Bangladesh today faces a different future than it did decades ago when relatively abundant natural gas seemed to be the key to prosperity. Known reserves are not expected to last more than 2 decades on current use trends, energy price policies appear to seriously undermine energy security and economic efficiency, and the fiscal costs of those policies pose serious questions. To support more evidence-based dialogue on energy development, allocation, and pricing reform, this study uses a detailed economic forecasting model to evaluate leading energy issues facing Bangladesh. This study uses this model to evaluate a variety of policy options that are under active discussion and consideration by public and private stakeholders. In particular, we consider reforms that would make gas prices more market determined and uniform across private uses, as well as energy efficiency potential, the special nature of the fertilizer sector to receive subsidized gas, coal substitution for electric power generation, and the prospect of exporting part of the country’s natural gas reserves at more competitive international prices, and investing augment gas revenues for infrastructure development.
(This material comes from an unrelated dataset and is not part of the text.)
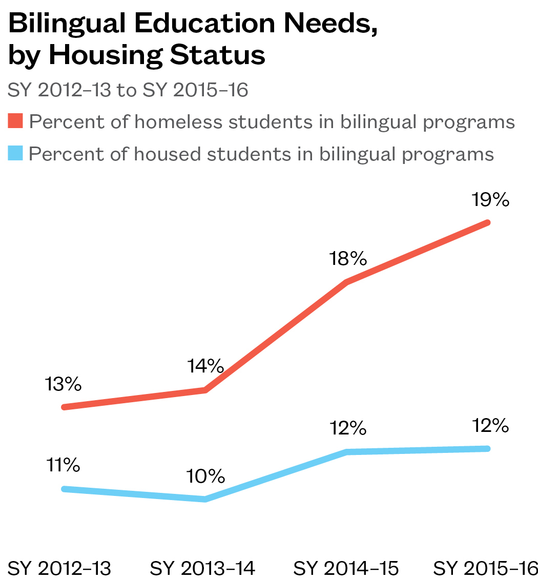 - Between SY 2012–13 and SY 2015–16, the number of homeless students in bilingual programs more than doubled and represented close to one in five of all students. Over the same period, the number among housed students rose by 17%, to slightly less than one in eight of all students.

The relatively small negative growth impact of increased energy price can be easily counteracted by economy-wide increase in energy efficiency. Quite contrary to the general expectation, the gas price increase without supplementary policies of energy efficiency or fertilizer subsidy does not increase inflation. This is due to the contractionary effect of gas price increase. Subsidized gas for fertilizer production more than compensates the negative economic impact of high gas price through its productivity impact in agriculture. Diversification of power sector fuel mix by introducing coal provides good macroeconomic indicators, but result to higher carbon emissions. Investing the gas revenue in infrastructure provides the best macroeconomic indicators. This best policy option, however, further increases carbon emissions. The impacts of these different policies in terms of increased household income are more or less equally distributed among different groups.


Polices considered in this study are quite diverse, but all have important implications for the country’s energy sector, particularly in terms of economy-wide efficiency, equity, and sustainability. Our results suggest that, although its energy future is more challenging than in the early days of gas abundance, Bangladesh has many options for energy policy reform for a sustainable future. To realize the vast human and economic potential of this country, more balanced consideration of political and economic criteria will be essential. Because most of the attractive policy options have the drawback of higher carbon emissions, supplementary policies and suitable technology adoption should play a balancing role.